What needs to be done
Please restate each line of the data below exactly. Omit all images.

Provided data
————

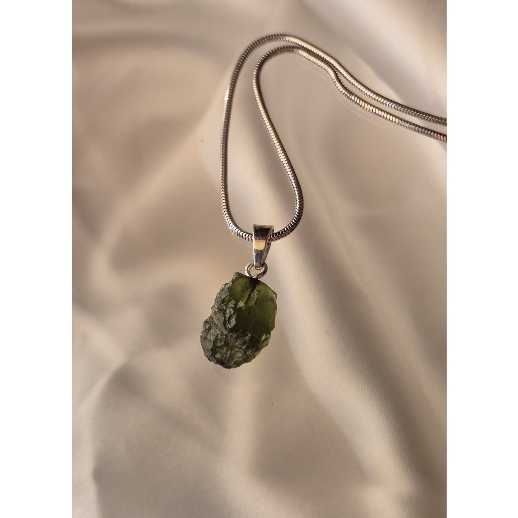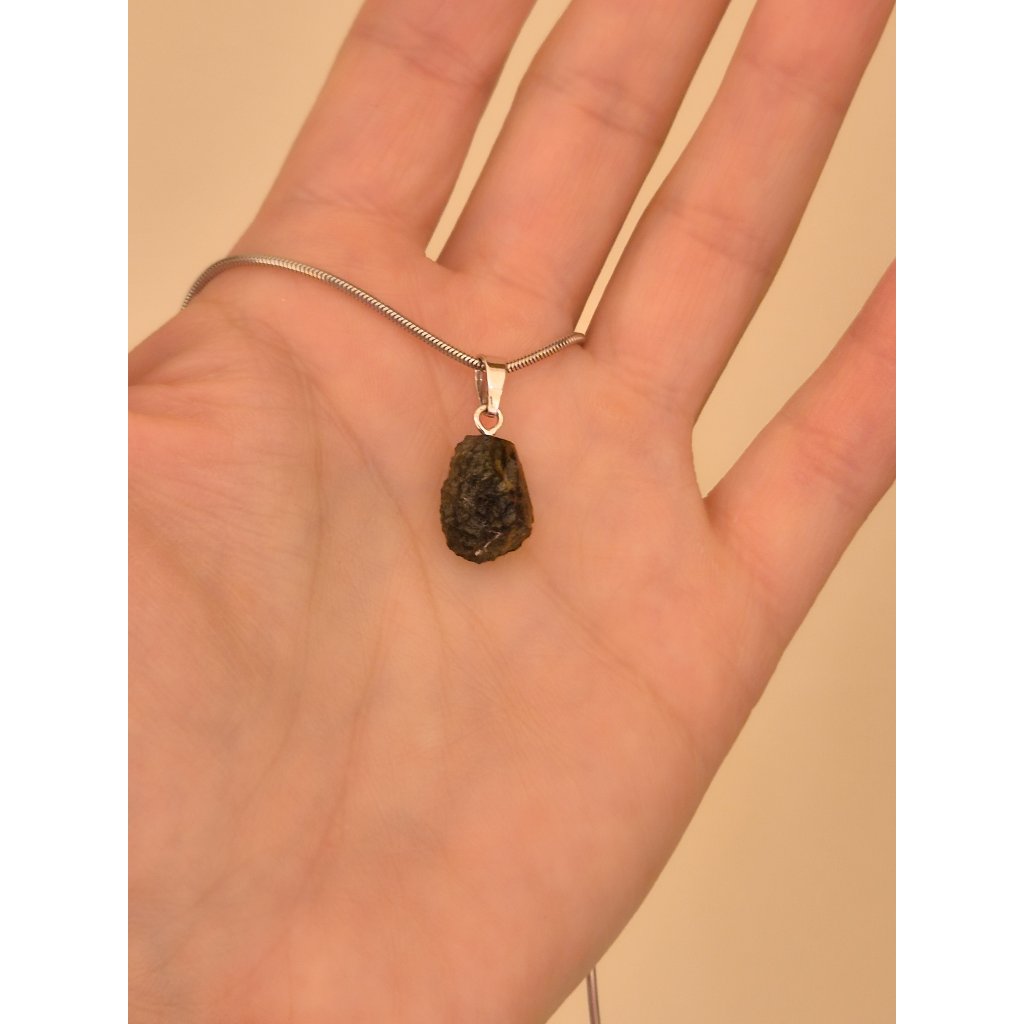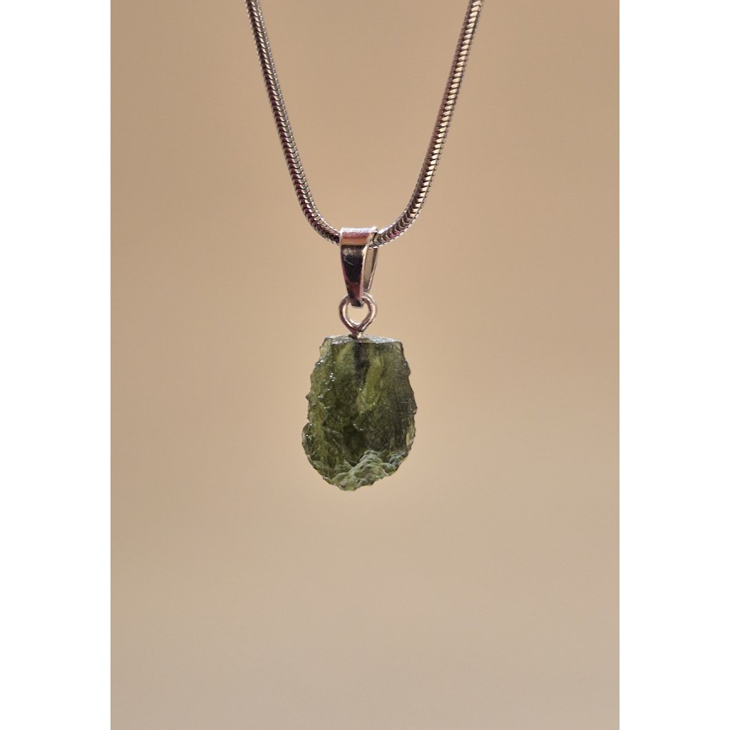 Tento šperk spojuje hluboké přírodní odstíny se stříbrným leskem. Syrový vltavín se mění s každým paprskem, a tak působí stále nově a nečekaně.
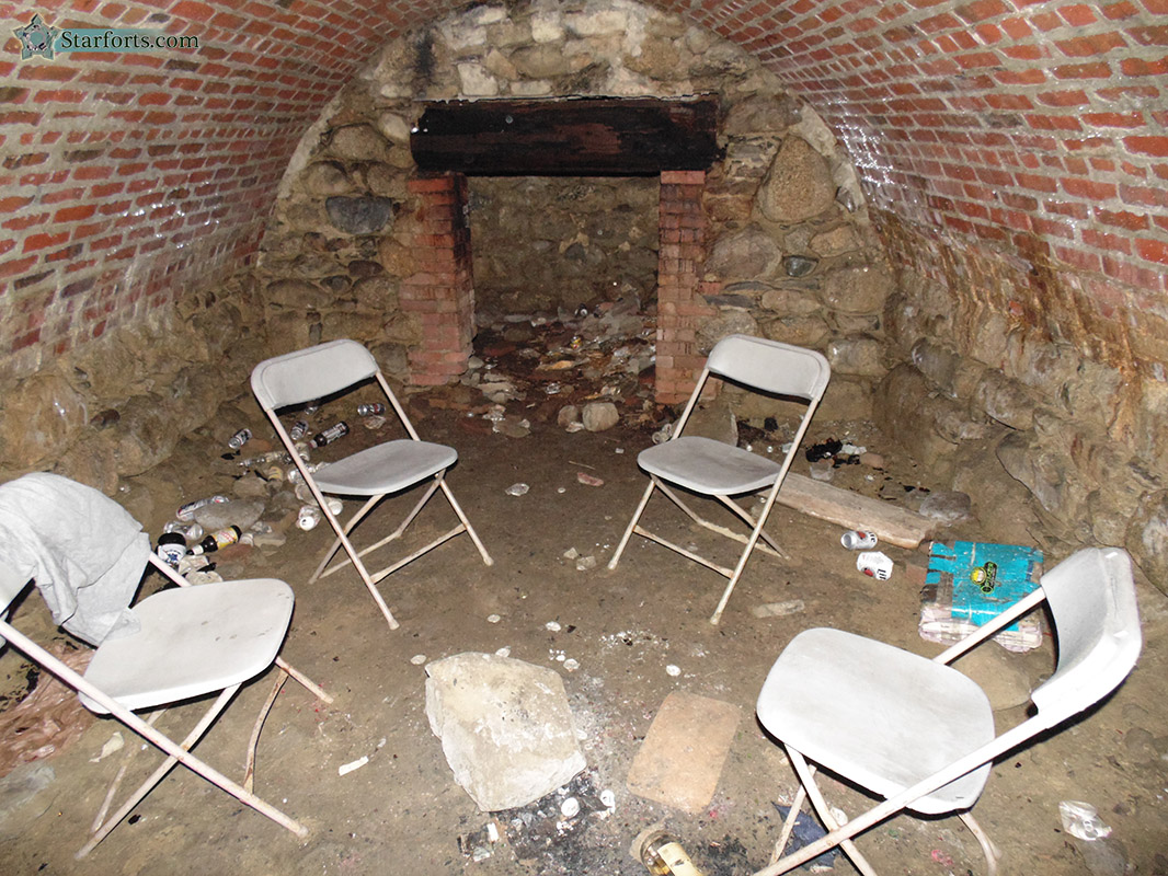 And, finally, we see what is at the end of the rainbow. The room in which powder might be kept is instead the home of four folding chairs, a notable pile of beer-related detritus, and somebody's grey Nike shirt. I hadn't put the words local and youths together in my mind until I beheld this outrage. An historic starfort, used as a secret hangout spot for beer-swilling punk teenagers?
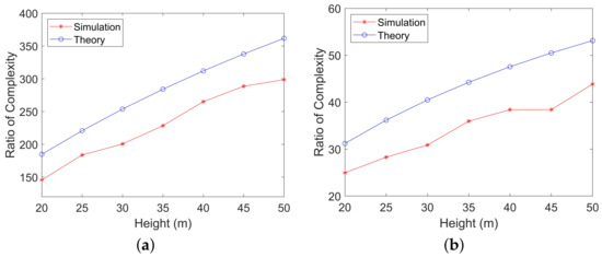 Comparison of the ratio of complexity between theoretical analysis and simulation. (a) First experimental configuration. (b) Second experimental configuration.

————

Output
 Tento šperk spojuje hluboké přírodní odstíny se stříbrným leskem. Syrový vltavín se mění s každým paprskem, a tak působí stále nově a nečekaně.
 And, finally, we see what is at the end of the rainbow. The room in which powder might be kept is instead the home of four folding chairs, a notable pile of beer-related detritus, and somebody's grey Nike shirt. I hadn't put the words local and youths together in my mind until I beheld this outrage. An historic starfort, used as a secret hangout spot for beer-swilling punk teenagers?
 Comparison of the ratio of complexity between theoretical analysis and simulation. (a) First experimental configuration. (b) Second experimental configuration.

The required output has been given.